SUMMARY OF INVENTION

Technical Problem

[0009] However, since business documents already archived electronically are sometimes stored in grayscale, the techniques of Patent Literature 1 and 2, which are techniques for recognizing seal impressions in color, are inapplicable. FIG. 2 is a diagram showing an example of a business document scanned in grayscale, where a company seal is affixed to the upper right in such a manner as to overlap with a portion of the company information. Since this document is scanned in grayscale, even if the techniques of Patent Literature 1 and 2 for recognizing seal impressions using color information were to be applied, it would not be possible to recognize the portion where the seal impression is affixed.

[0010] In addition, FIG. 3 is a diagram showing a result where the seal impression in the business document in FIG. 2 is removed with the technique of Patent Literature 3, and the remaining characters are recognized through OCR. When the seal impression is removed with the technique of Patent Literature 3, overlapping character strings are also removed along with the seal impression as shown in FIG. 3. Therefore, the removed character string information is lost. In addition, because the text is partially left, there is a possibility that the remaining text may later become noise during searches.

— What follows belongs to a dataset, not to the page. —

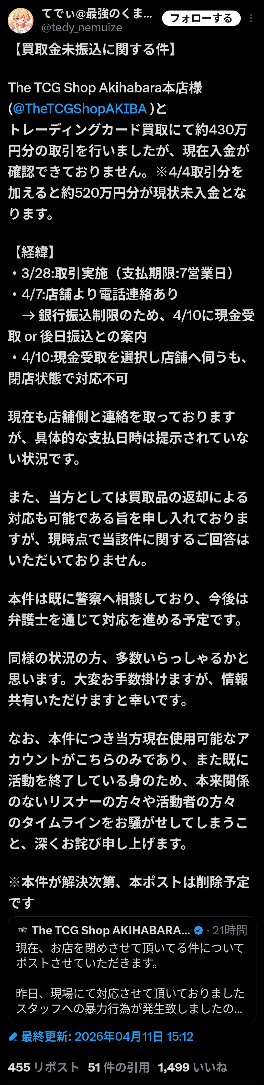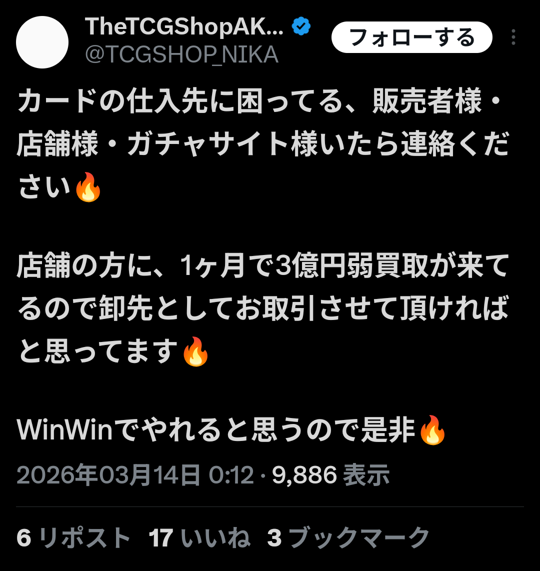 トレカ屋なんて中身ヤベー所多いから信じちゃいかんよ

[0011] The present invention is made in view of such circumstances, and provides a technique for removing only a seal impression while keeping character string information when applying OCR to a business document stored in grayscale even in cases where character strings and seal impressions overlap with each other.

Solution to Problem

[0012] In order to solve the problems above, a business document processor according to the present invention comprises: a seal impression detection processing portion that detects a seal impression region in a business document inputted in grayscale and removes the seal impression region from the business document; a seal impression related information extraction processing portion that extracts as seal impression related information (for example, information relating to a customer) character information that exists near the removed seal impression region in the business document, from which the seal impression region has been removed, where a portion of the characters is unclear due to the seal impression region; an attribute classification processing portion that identifies attributes of the seal impression related information that has been extracted; and a character extrapolation processing portion that refers to a character string candidate database storing character string candidates (for example, a customer database storing customer information) and extrapolates, based on the seal impression related information that has been classified by the attributes, a character string that overlaps with the seal impression region and that is thus unclear.

[0013] In addition, the character extrapolation processing portion substitutes into the portion that is unclear due to the seal impression region the character string obtained by extrapolation, and registers the business document data, into which the character string has been substituted, in a document database in a pair with the business document inputted in grayscale.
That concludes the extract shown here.